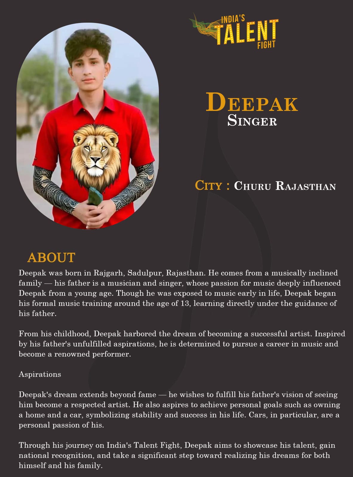 ITF Singer Deepak Churu RajasthanDeepak was born in Rajgarh, Sadulpur, Rajasthan. He comes from a musically inclined family — his father is a musician and singer, whose passion for music deeply influenced Deepak from a young age. Though he was exposed to music early in life, Deepak began his formal music training around the age of 13, learning directly under the guidance of his father.From his childhood, Deepak harbored the dream of becoming a successful
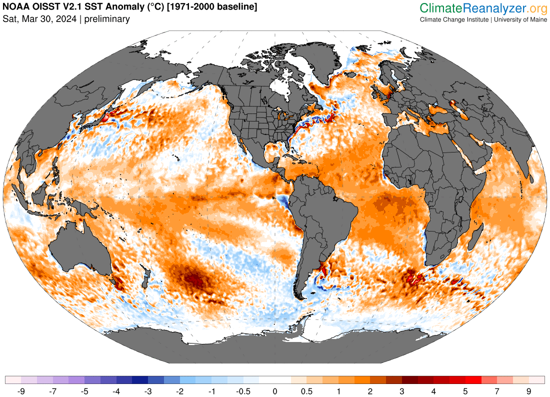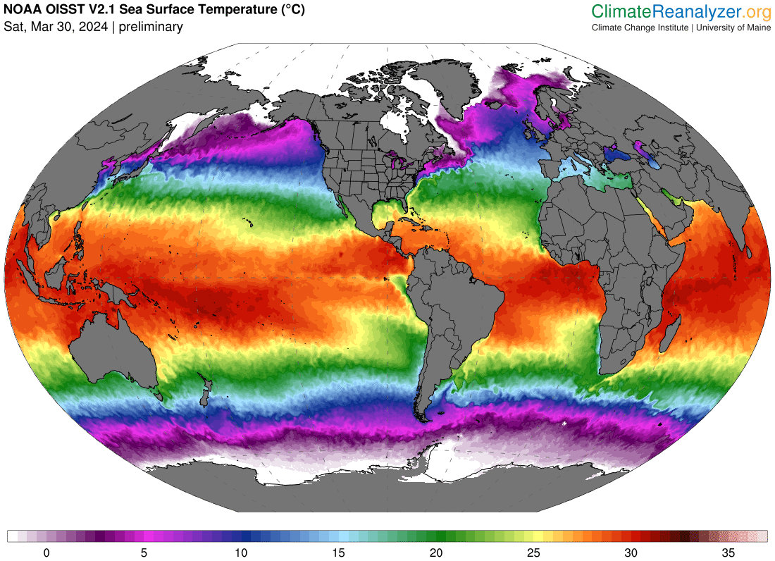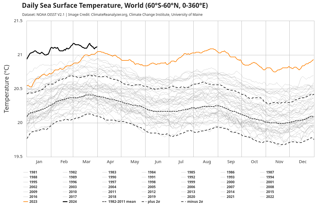 I see the global sea temperature is getting stabilized a bit on March, but still at record levels all year. See 2023 (orange line) and current 2024 year (black line). The anomaly is getting larger quicker than expected.
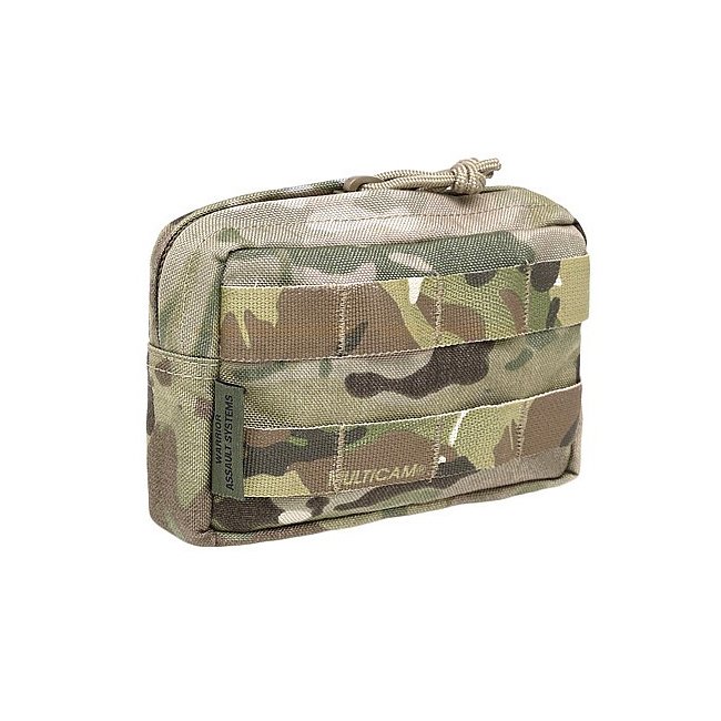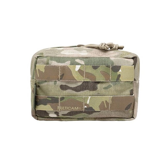 Der Warrior kleine horizontale Utility Pouch - Multicam ist eine kompakte Mehrzwecktasche mit einem Fassungsvermögen von 1,6 Litern für Plattenträger, Chest Rigs und MOLLE-kompatible Ausrüstung.
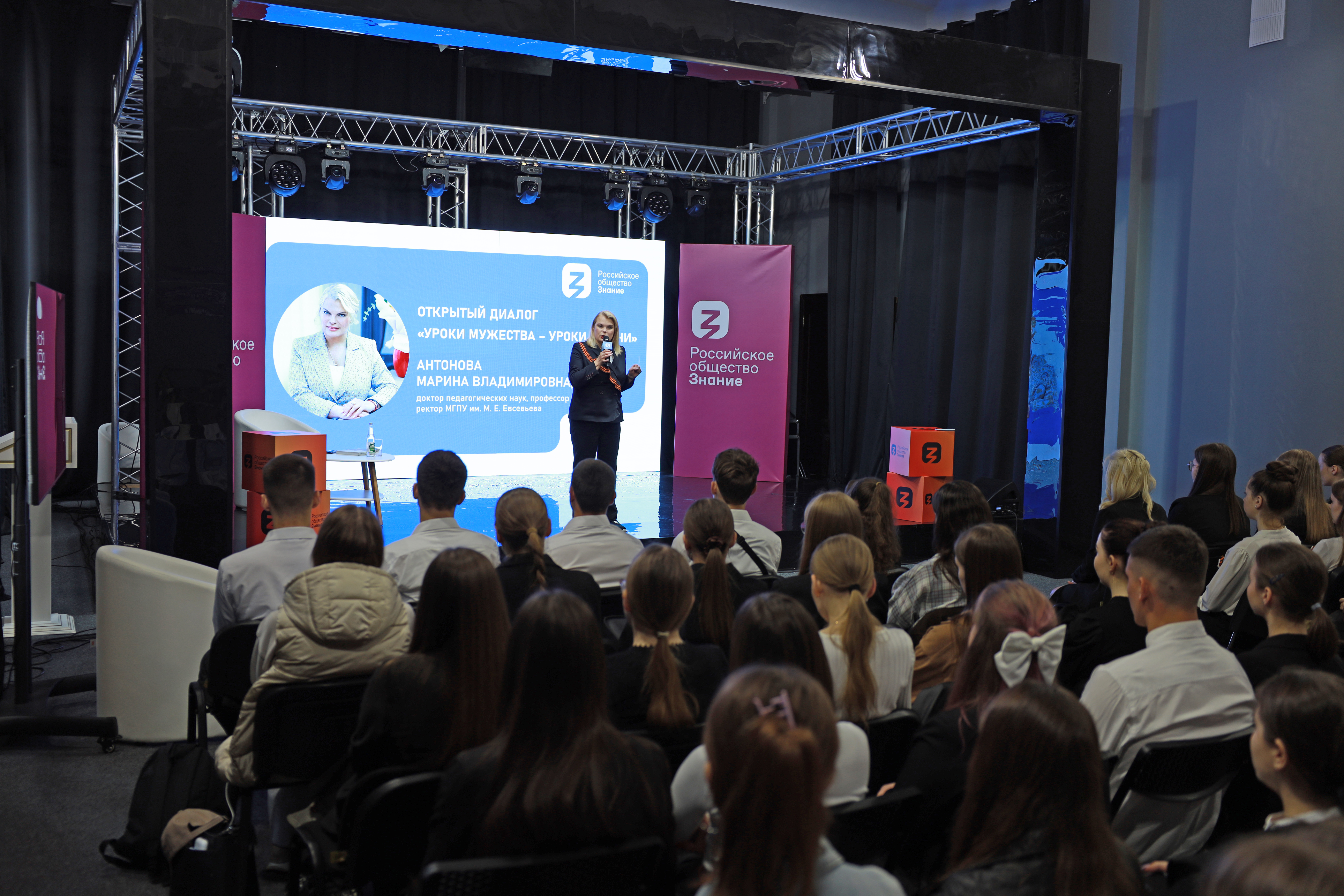 В Мордовском государственном педагогическом университете состоялась лекция доктора педагогических наук, профессора РАО, ректора, Председателя регионального отделения Российского общества «Знание» в Республике Мордовия Марины Владимировны Антоновой, посвященная теме «Уроки мужества – уроки жизни». Мероприятие прошло 13 мая в Доме знаний и собрало студенческое сообщество вуза – будущих учителей, на плечи которых ляжет ответственность за воспитание новых поколений россиян.

§ **TASK**: Word for word, restate only the lines from the one bearing "Der Warrior kleine" through the final line of the listing, inclusive, with no pictures.

§ **TASK RESPONSE**:
 Der Warrior kleine horizontale Utility Pouch - Multicam ist eine kompakte Mehrzwecktasche mit einem Fassungsvermögen von 1,6 Litern für Plattenträger, Chest Rigs und MOLLE-kompatible Ausrüstung.
 В Мордовском государственном педагогическом университете состоялась лекция доктора педагогических наук, профессора РАО, ректора, Председателя регионального отделения Российского общества «Знание» в Республике Мордовия Марины Владимировны Антоновой, посвященная теме «Уроки мужества – уроки жизни». Мероприятие прошло 13 мая в Доме знаний и собрало студенческое сообщество вуза – будущих учителей, на плечи которых ляжет ответственность за воспитание новых поколений россиян.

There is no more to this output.